[photosinensis]

The biggest problem is that Avid Life Media has done jack squat in response to the data leak. They've not communicated any kind of risk mitigation strategy. They've not allowed users to change their compromised passwords. They've not made any efforts to contact affected users.

This is like a rape victim not only trying to pretend the whole thing didn't happen, but all the while knowing that her attacker had HIV, has good reason to believe she's seroconverted, and is still having unprotected sex with her regular partners without telling them anything.

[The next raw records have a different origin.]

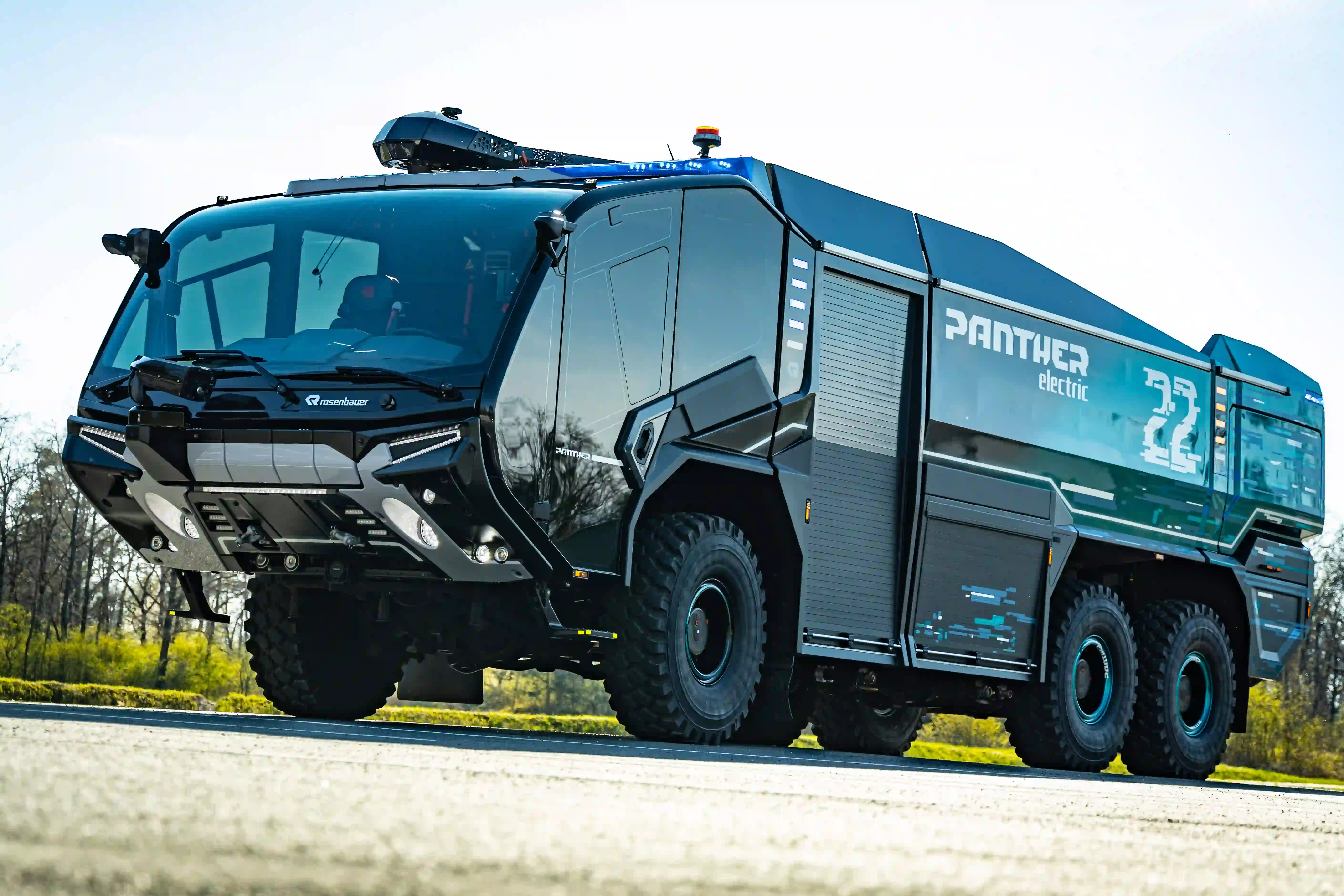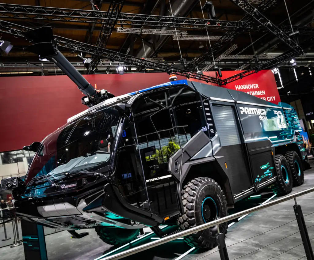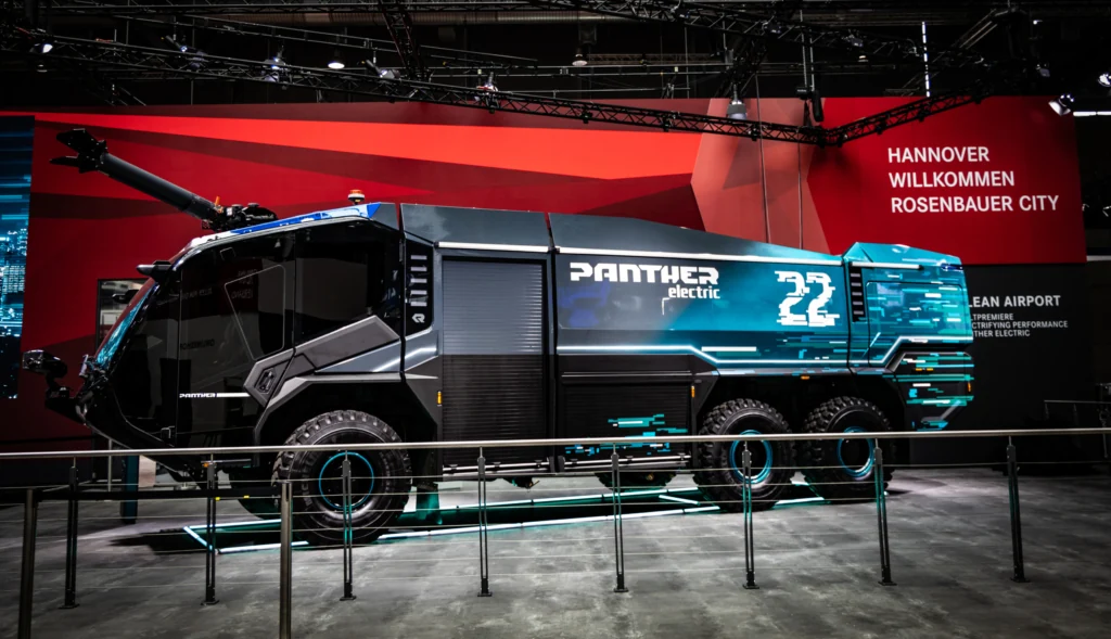На найбільшій виставці аварійно-рятувальної техніки Interschutz 2022 в Ганновері компанія Rosenbaurer презентувала аеродромний пожежний автомобіль Panther 6x6 на електротязі. Машина розроблена у співпраці з компанією Magna і має модульну електричну платформу — редуктор, електропривод, батареї.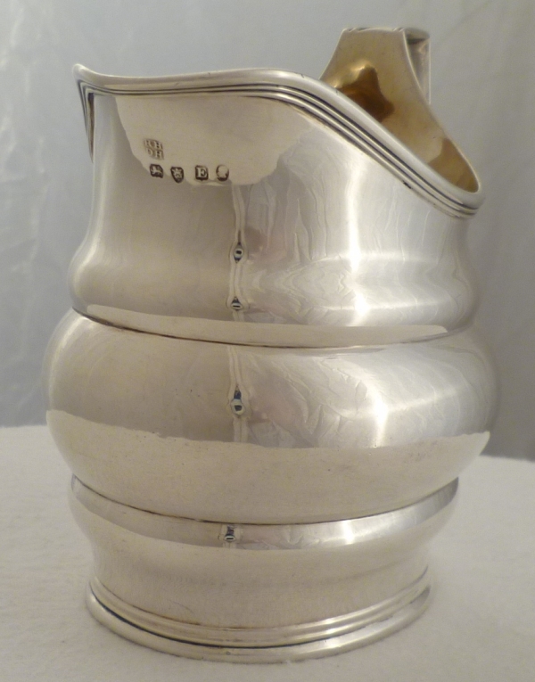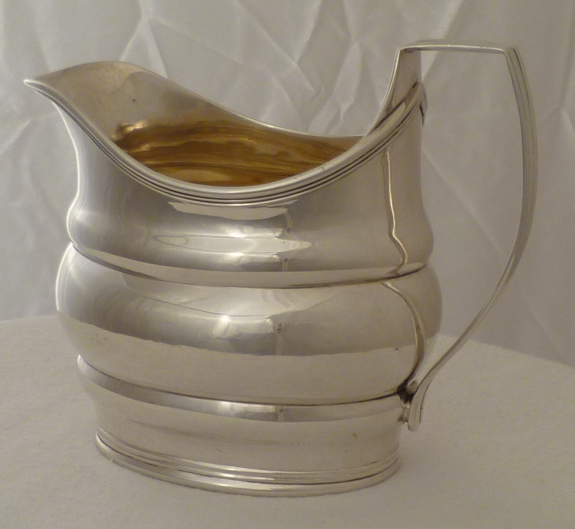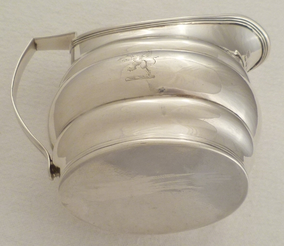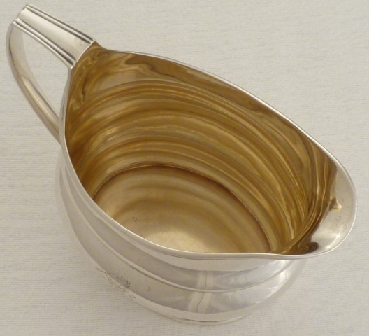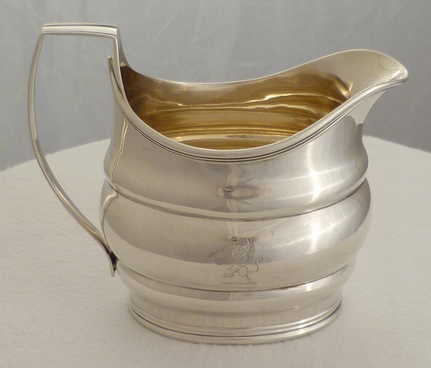 DESCRIPTION | Good sized Georgian silver cream or milk jug with a gilded interior and crest engraving to one side. |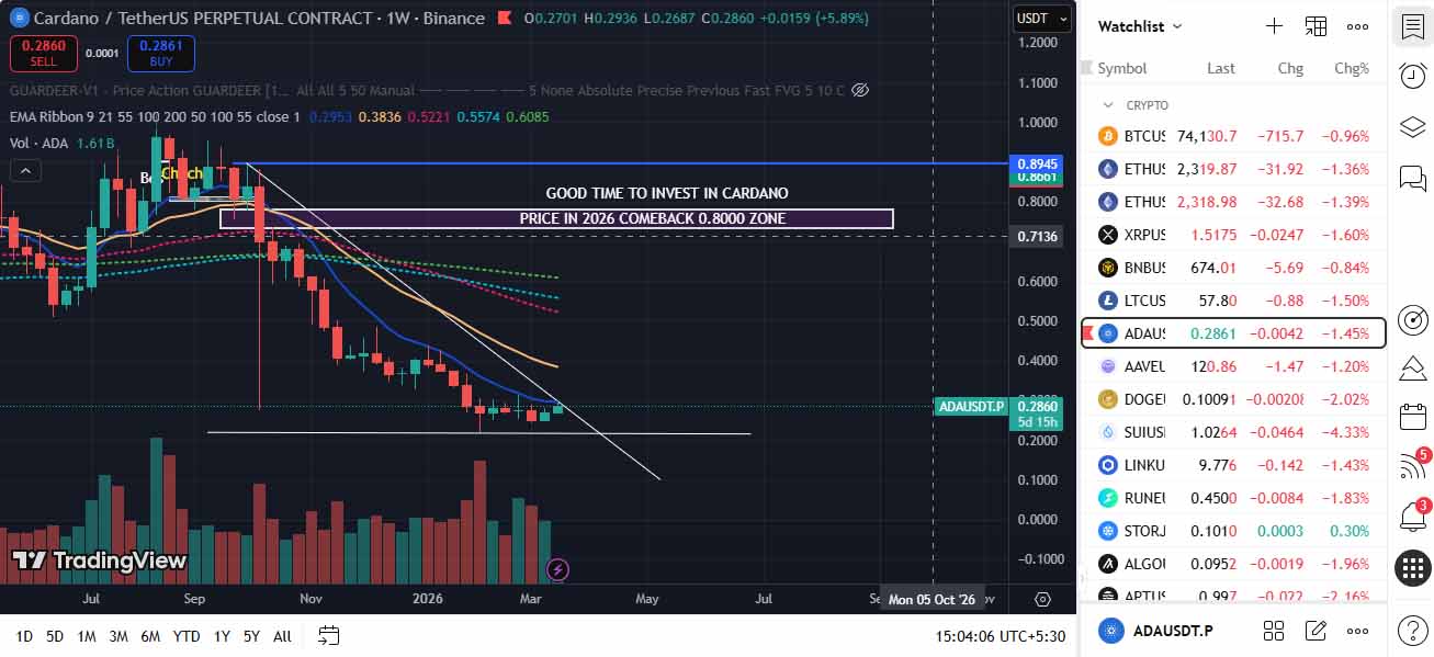 截至2026年3月, Cardano的 交易價格約為0.26-0.28美元,此前在2021年牛市突破3美元高點后經(jīng)歷了一段較長的盤整期。加密貨幣市場已將投機熱潮轉向網(wǎng)絡實用性和機構集成,而Cardano今年正處于技術和治理的關鍵十字路口。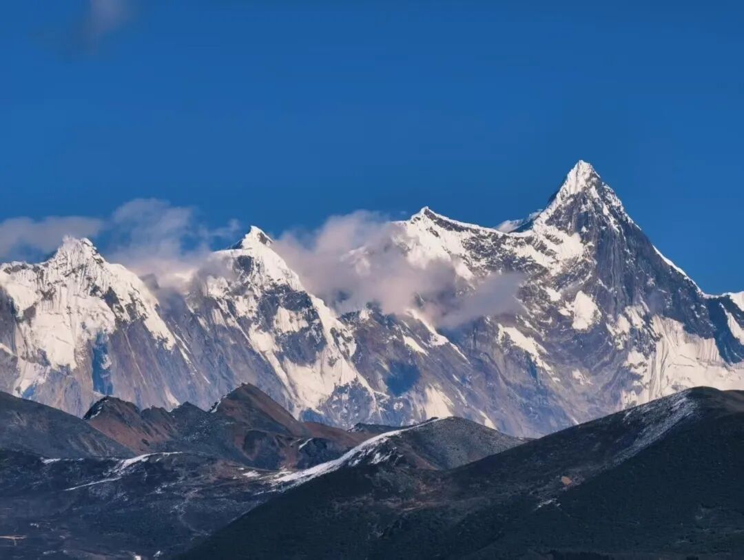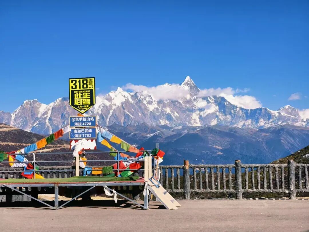 雪山正对观景台,山体巍峨、终年积雪,常伴冰川与云雾,晴天时雪山轮廓清晰,与318里程碑同框超震撼。

While the company is a victim here, their actions are themselves criminally wrong.

[rabidonrails]

It's interesting to see AM say nothing and I wonder if this is a well thought out plan. By not confirming the leak (and by practically ignoring it) it leaves their ashamed "users" plausible deniability. So, if your email address showed up on the list, you _could_ deny it as AM never confirmed that it was a real leak.

Just a thought...

[araxhiel]

The analogy of a victim of rape, though crude, is quite right (and left me quite impressed, to be honest).

[DanBC]

The rape analogy is repugnant.

[JacobAldridge]

Yup - 'blaming the victim of a crime' would have been sufficient to make the OP's point, though I know media conversations on the topic are the likely reason why the analogy he chose came to mind.